Nominal P values were used to define candidate regions identified by the GWS. Peaks were identified as regions containing a maximum nominal−log10 P value >3.0 (P ≤ 0.001) and extending to the left and right until all haplotype or single marker−log10 P values dropped below 1.5. P values for multimarker haplotypes were also calculated exclusively by permutation of case control status.

Genome-Wide Significance.

The genome-wide significance of the observed nominal asymptotic P value at peaks was determined by performing random permutations of case and control status of haplogenotypes within trios, keeping haplotypes intact. For each permuted data set, a new GWA analysis was performed, and peaks were identified and ranked. Five hundred permutations were performed to construct the null distribution of the first, second, third, etc., order statistics for the −log10 P values across the genome. The observed peaks in the original GWA study, ranked by their nominal −log10 P values, were compared with the null distribution of their corresponding order statistics to determine genome-wide significance. A conservative upper bound and a range for the genome-wide significance of individual nominal P values were obtained by successively removing (peeling), one at a time, the highest remaining signal that was genome-wide significant (P ≤ 0.05) and measuring nominal P values of the remaining peaks against the distribution of order statistics shifted by one.

Significance in the Replication Study.

Statistical significance of replication was determined by permutation studies in which case and control status of the German samples was randomly permuted to produce the null distribution of nominal P values within the German samples. Peak-wide replication significance in the German samples was estimated by first extracting the peak region from the QFP GWA analysis and then comparing it with peaks from the analysis of the German samples. An overlap of peaks would occur if a peak in the QFP study and a peak in the German sample both reside in the intersection of the two candidate peak regions. The peak-wide replication significance (based on 500 random permutations of case-control status) measures how often by chance alone an overlap occurs with a P value as significant as was observed in the replication sample. The permutation procedure corrects for all SNPs and SNP combinations considered to define a peak and its surrounding peak region and therefore represent a true peak-wide replication probability. The permutations were performed without taking the phenotypic status of the parents into account.

Sequencing.

Sixteen QFP samples were selected to represent at least two copies of all major haplotypes (≥5% frequency) and one copy of minor haplotypes (1–5% frequency) observed. A region of 130 kb spanning the IL23R locus was sequenced and 339 SNPs, 60 microsatellites, and 18 insertions/deletions were identified (SI Table 8D). A region of 60 kb spanning the JAKMIP1/LOC285484 association locus was sequenced, and 226 SNPs, 16 microsatellites, and 20 insertions/deletions were identified (SI Table 9D).

Immunohistochemistry.

Paraformaldehyde-fixed paraffin-embedded biopsies were prepared from five normal controls and five patients with confirmed colonic CD. Two slides of each biopsy were stained with hematoxylin/eosin for routine histological evaluation.

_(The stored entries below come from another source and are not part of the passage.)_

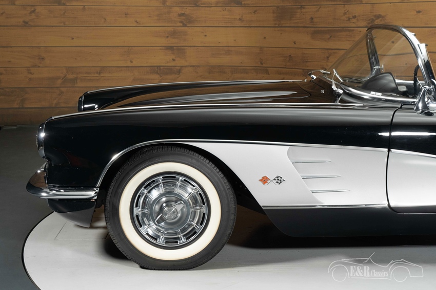 Chevrolet Corvette C1 Cabriolet in Triple Black te koop Het oogstrelende Triple Black-uiterlijk (zwart lakwerk, zwart interieur en zwarte soft top) wordt fraai geaccentueerd door de contrasterende zilverkleurige zijpanelen en klassieke whitewall-banden op originele chromen velgen. Deze Corvette wordt geleverd met zowel een hard top als een soft top, waardoor hij zich moeiteloos aan elk seizoen aanpast. Het interieur ademt authenticiteit, met zijn karakteristieke dashboard, driedelig stuurwiel en perfect gerestaureerde bekleding — een tijdloze mix van elegantie en sportiviteit.
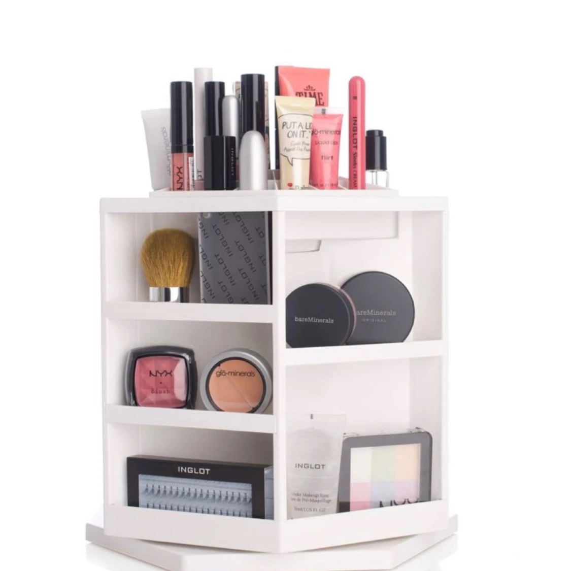 En sminkhylla som roterar i 360 grader och kan förvara allt ditt smink. I mitten finns ett större utrymme för förvaring av större produkter. Lätt att rengöra. I fint skick! Köptes för 399:- Höjd: 25cm Bredd: 29cm Bredd på sidohyllorna: 15cm
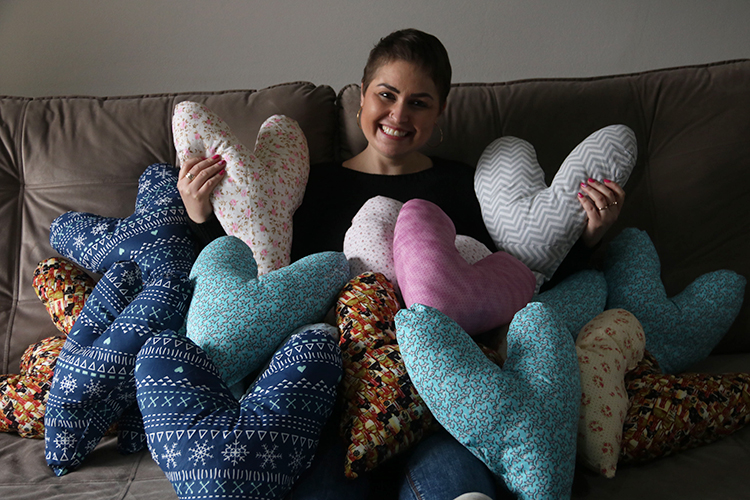“Virou um amuleto que carrego em todas as minhas sessões, e serve para apoiar o braço devido às dores causadas durante o procedimento, que demora em média quatro horas”, afirmou. Na sexta-feira da semana passada, enquanto ela fazia a sessão de quimioterapia, pensou em criar um projeto que pudesse levar um pouco de conforto a outras mulheres. “Ao chegar em casa, gravei um vídeo e postei, pedindo a opinião das pessoas. Muita gente começou a apoiar e uma rede do bem se formou.”
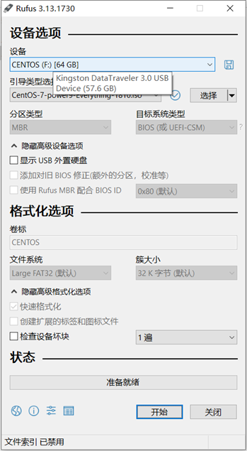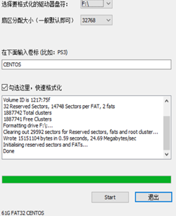 由于Win10系统对于大容量U盘只有exFAT和NTFS选项,此两种格式无法被Linux系统识别,故如选用大容量U盘作为镜像盘,需要预先用第三方工具对U盘进行FAT32格式化,此处选用Guiformat工具来进行格式化操作。参考下图,参数均为默认配置。
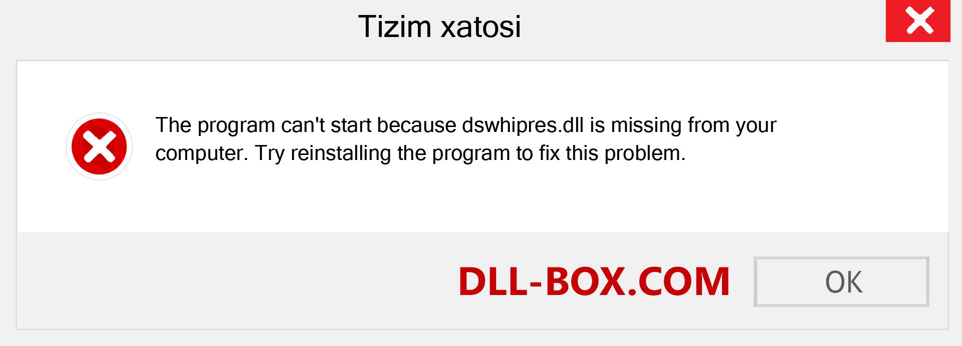 1. Dasturni ishga tushirib bo'lmaydi, chunki dswhipres.dll kompyuteringizda yo'q. Ushbu muammoni hal qilish uchun dasturni qayta o'rnatishga harakat qiling.
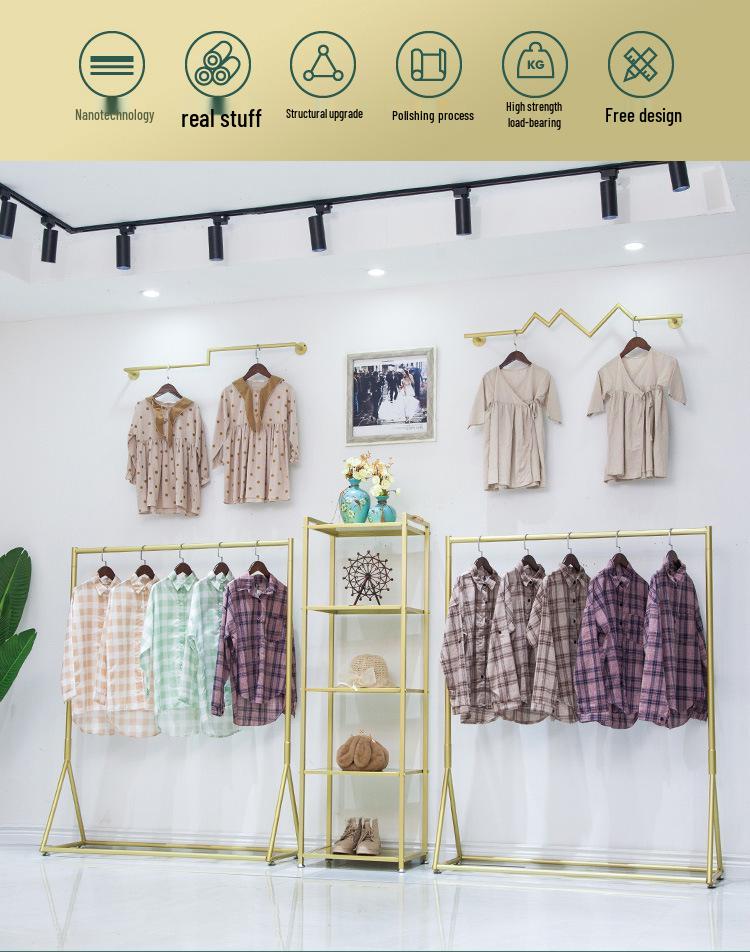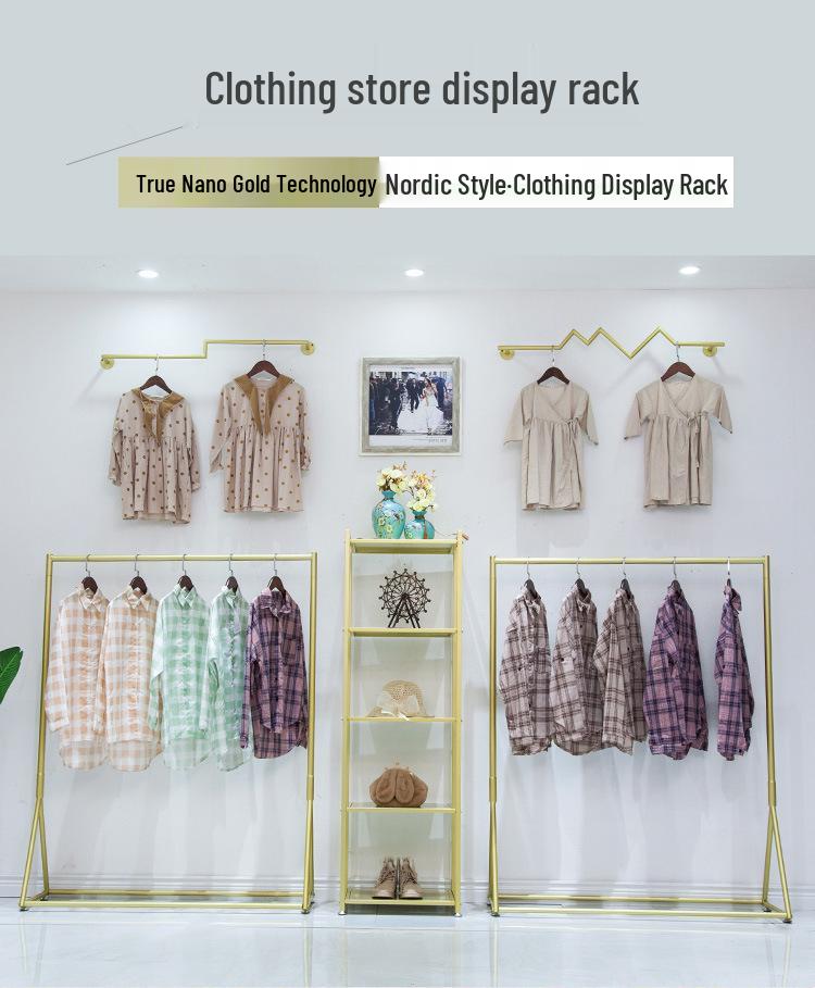 Mannequin Display Rack: Women's Clothing Store, Movable Gold Wrought Iron Hanging Rack
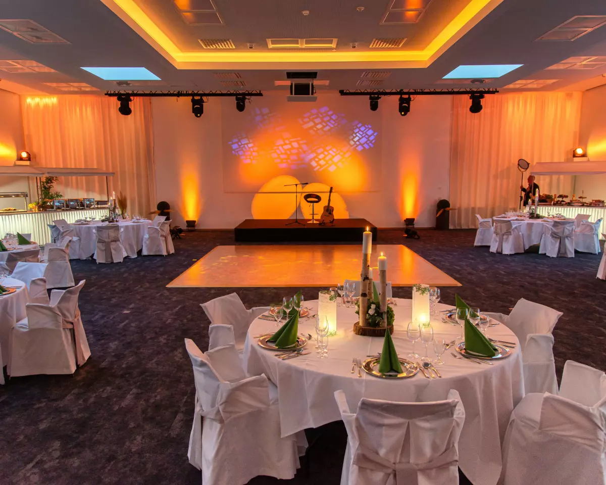 Die Verbindung des Böhmesaals mit dem Hotel Park Soltau gewährleistet, dass Veranstalter alle Service- und Dienstleistungen des Hotels in Anspruch nehmen können.
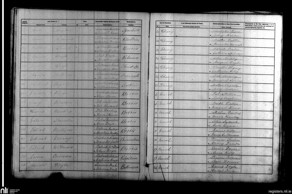 Borris; County of Carlow, Wexford; Diocese of Kildare and Leighlin. Baptisms, Feb. 1861 to Mar. 1861
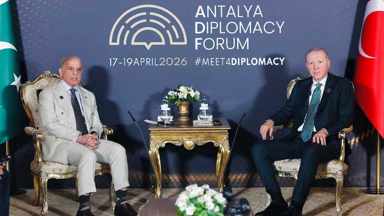 انطالیہ: (دنیا نیوز) وزیراعظم شہباز شریف کی انطالیہ ڈپلومیسی فورم کے موقع پر ترکیہ کے صدر طیب اردوان سے ملاقات کی، جس میں دوطرفہ تعلقات اور خطے کی صورتحال پر تفصیلی تبادلہ خیال کیا گیا۔
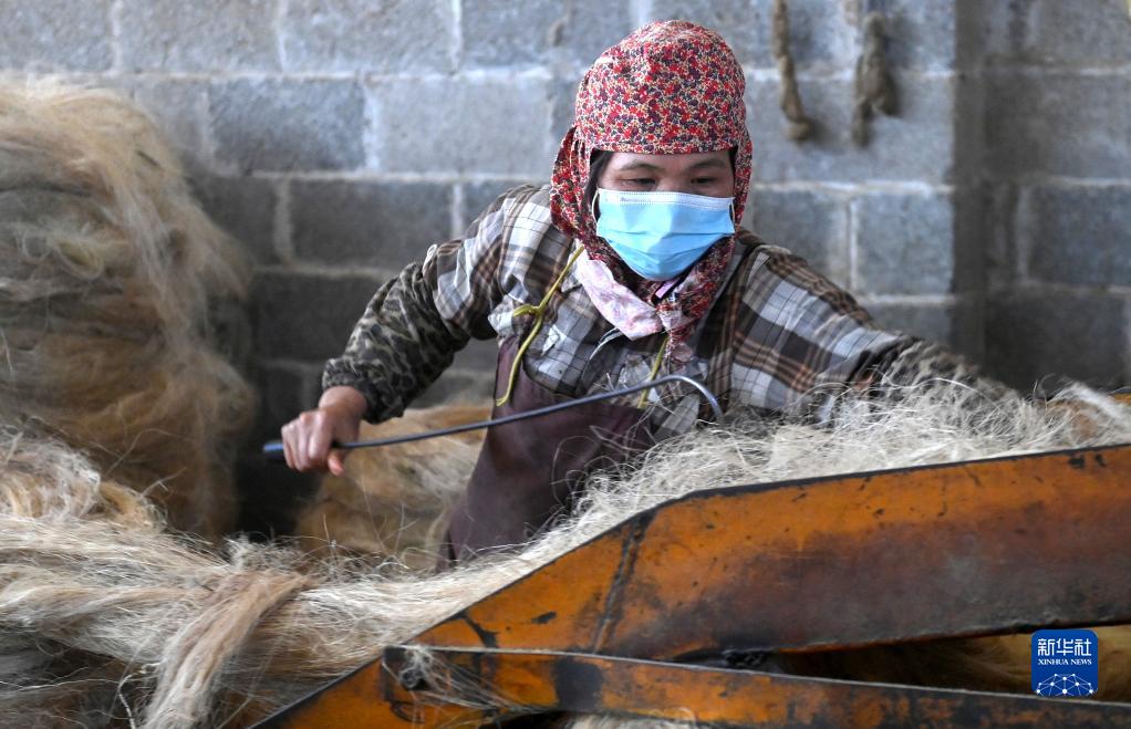 11月20日,在廣西平果市舊城鎮一家企業(yè),工人在加工劍麻產(chǎn)品。
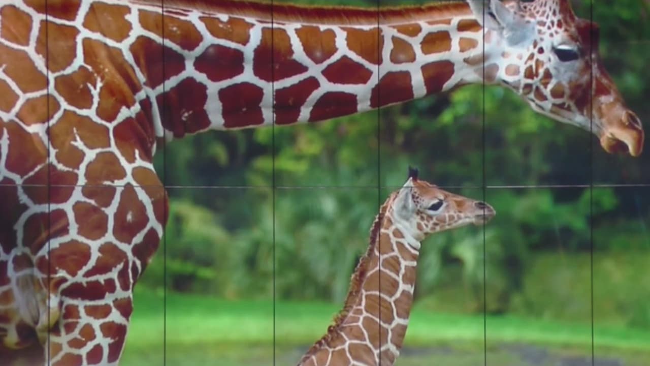 Jirafa recién nacida es presentada por primera vez ante el público en el Zoológico de Miami
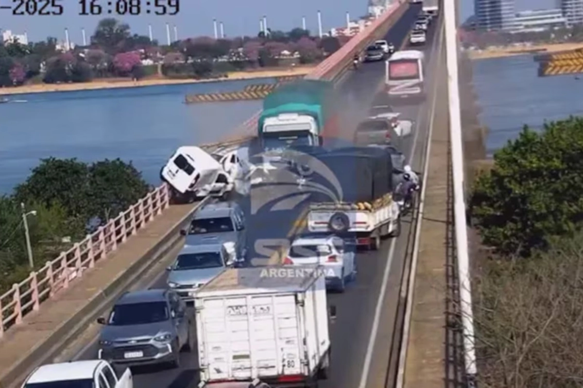 Un violento accidente de tránsito desató un caos vehicular en el puente General Belgrano, que une Chaco con Corrientes. Un choque en cadena afectó a 15 vehículos. Hay ocho personas heridas.
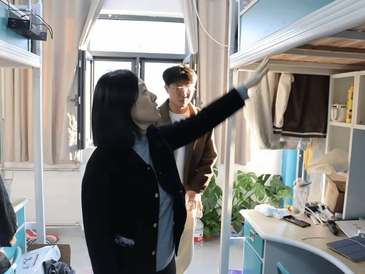 在学生公寓,学院领导与老师围绕用电规范、消防设施状态、物品收纳及卫生情况进行仔细查看。每到一间宿舍,老师们既细致排查安全隐患,又关切询问学生“平时宿舍里暖气够不够?”等实际问题,从居住舒适度到学习便利度,全方位了解学生在校生活状态。针对排查发现的问题,老师们耐心解读隐患背后的安全风险,结合宿舍生活实际给出可操作的整改建议,在强化规范管理的同时传递深切人文关怀,让此次检查成为深化师生沟通、凝聚育人合力的重要契机。
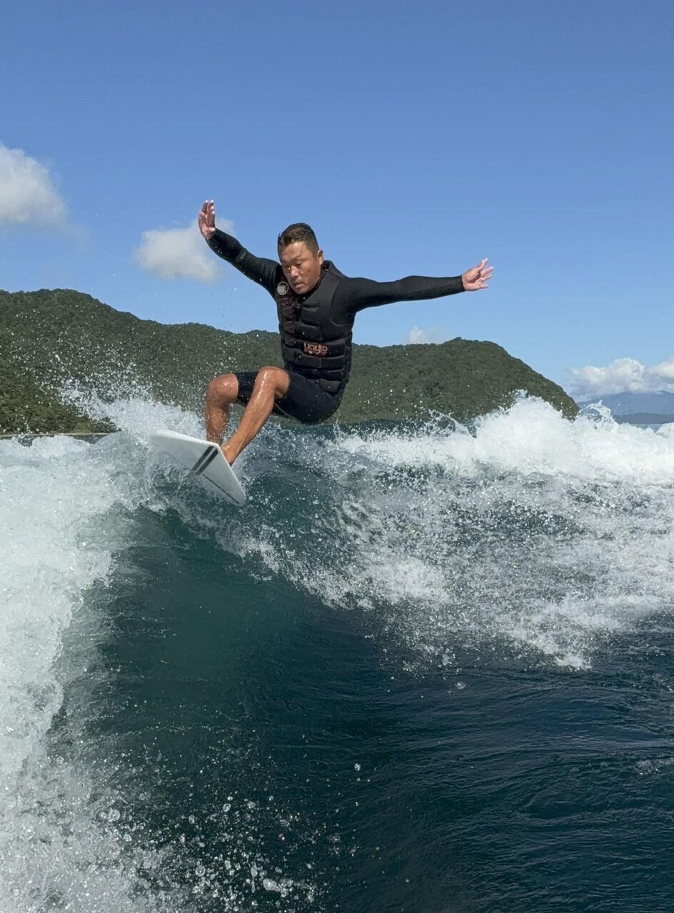 今年の夏から継続しているお客さんとマンツーマンでサーフレッスン。

The other slides were subjected to a citrate-based antigen retrieval procedure, permeabilized by incubation with 0.1% Triton X-100 in 0.1 M PBS, washed three times in PBS, and blocked with 0.75% BSA in PBS for 20 min. Sections were subsequently incubated with the primary antibody (anti-IL23R, Abcam, Cambridge, MA) at a 1:200 dilution in 0.75% BSA for 1 h at room temperature. After washing in PBS, tissue-bound antibody was detected by using biotinylated goat anti-rabbit (Vector Laboratory, Burlingame, CA) and followed by HRP-conjugated avidin, both diluted at 1:100 in PBS. Controls were included by using irrelevant primary antibodies and omitted the primary antibodies by using only secondary antibodies and/or HRP-conjugated avidin. No significant staining was observed with any of these controls (data not shown).

Supplementary Material

Supporting Information

Acknowledgments

We thank the patients and their families and physicians for contributions to the collection. Valuable contributions to this work were made by S. Briand, V. Bruat, O. Gingras, E. Hardy, N. Henderson, J. F. Levesque, T.-V. Nguyen, V. Pinchuk, C. Prive, V. Serre, D. St. Louis, B. Stojkovic, G. te Meerman, N. Malo, T. Kaacksteen, R. Vogler, T. Wesse, I. E. Baumgartner, and S. Ehlers. We thank Perlegen Sciences, Inc., for the high-throughput genotyping used in the GWA study and T. Behrens and N. Ghilardi for comments on the manuscript. The German population collection was financed by grants from the German Crohn's and Colitis Foundation (DCCV), the National Genome Research Network (NGFN), the Federal Ministry of Education and Research (BMBF), the European Commission, and the German Research Foundation (DFG).

Abbreviations

GWA

genome-wide association

CD

Crohn's disease

QFP

Quebec Founder Population

FM

fine mapping

C.I.

confidence interval

OR

odds ratio

LD

linkage disequilibrium.

Footnotes

Conflict of interest statement: Genizon BioSciences, Inc., has received all commercial rights in the collaboration from the University Hospital Schleswig–Holstein. S.S. is a member of the scientific advisory board of Applied Biosystems, Inc., and has consulted for Abbott, Centocor, and Schering–Plough.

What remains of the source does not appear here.